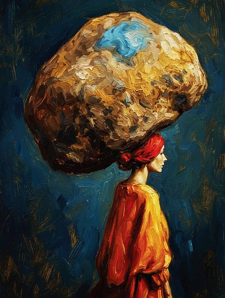 Dramatic impasto oil painting of a woman in flowing orange robes calmly supporting an enormous rock on her head, representing quiet strength and endurance. Rich textures and moody teal background create a powerful, introspective focal point for any contemporary space.
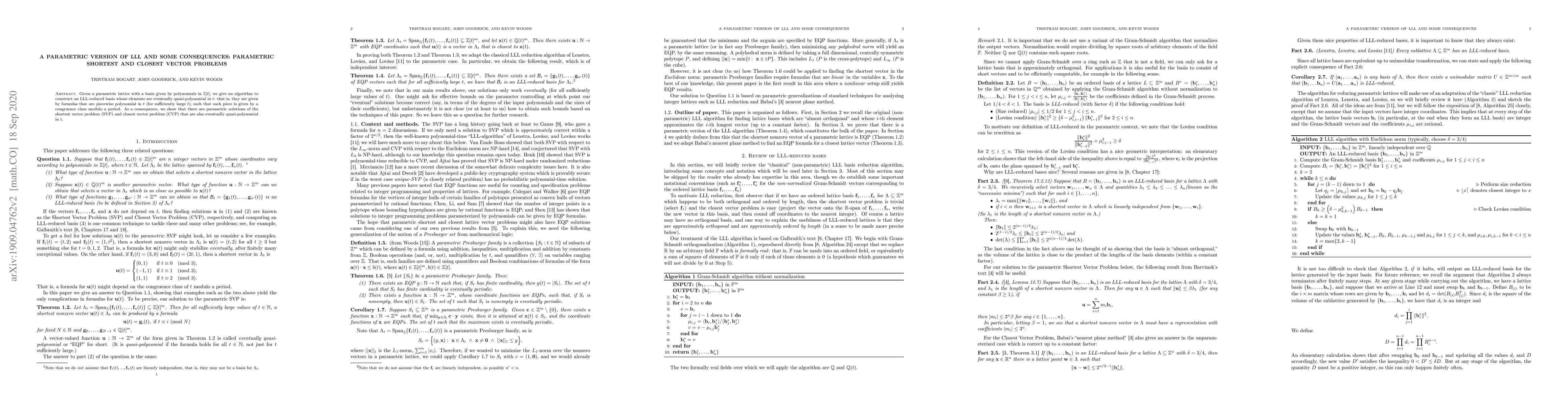 This paper presents an algorithm to construct an LLL-reduced basis for parametric lattices, where the basis elements are eventually quasi-polynomial in the parameter t. It also demonstrates parametric solutions for the shortest and closest vector problems that are eventually quasi-polynomial in t.
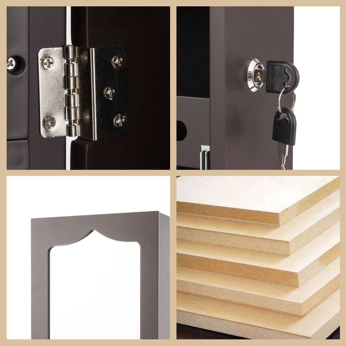 Moisture and corrosion-resistant coating - the cabinet is made of high-quality MDF, so it is extremely strong and durable. The powder coating of the surface is resistant to moisture and corrosion. In addition, the jewelry cabinet's protective velvet lining protects it from scratches and scuffs, as well as oxidation.
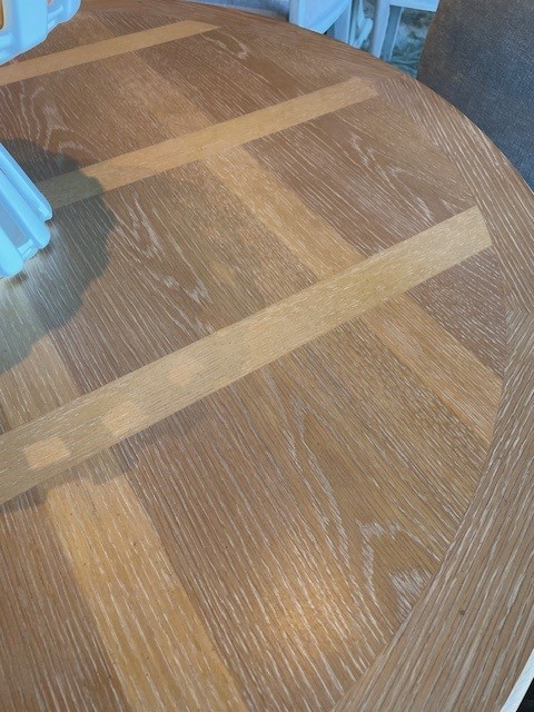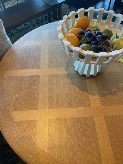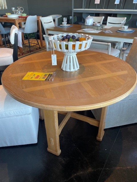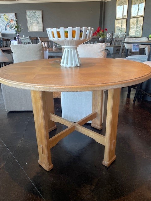 This solid wood, light colored dining table is a throwback to the sturdy craftsmanship of yore.

# # # # #

• **Problem description**
Up to and including the last line of the listing, starting at the line with "Moisture and corrosion-resistant", extract every line exactly and leave out the pictures.

• **Written solution**
 Moisture and corrosion-resistant coating - the cabinet is made of high-quality MDF, so it is extremely strong and durable. The powder coating of the surface is resistant to moisture and corrosion. In addition, the jewelry cabinet's protective velvet lining protects it from scratches and scuffs, as well as oxidation.
 This solid wood, light colored dining table is a throwback to the sturdy craftsmanship of yore.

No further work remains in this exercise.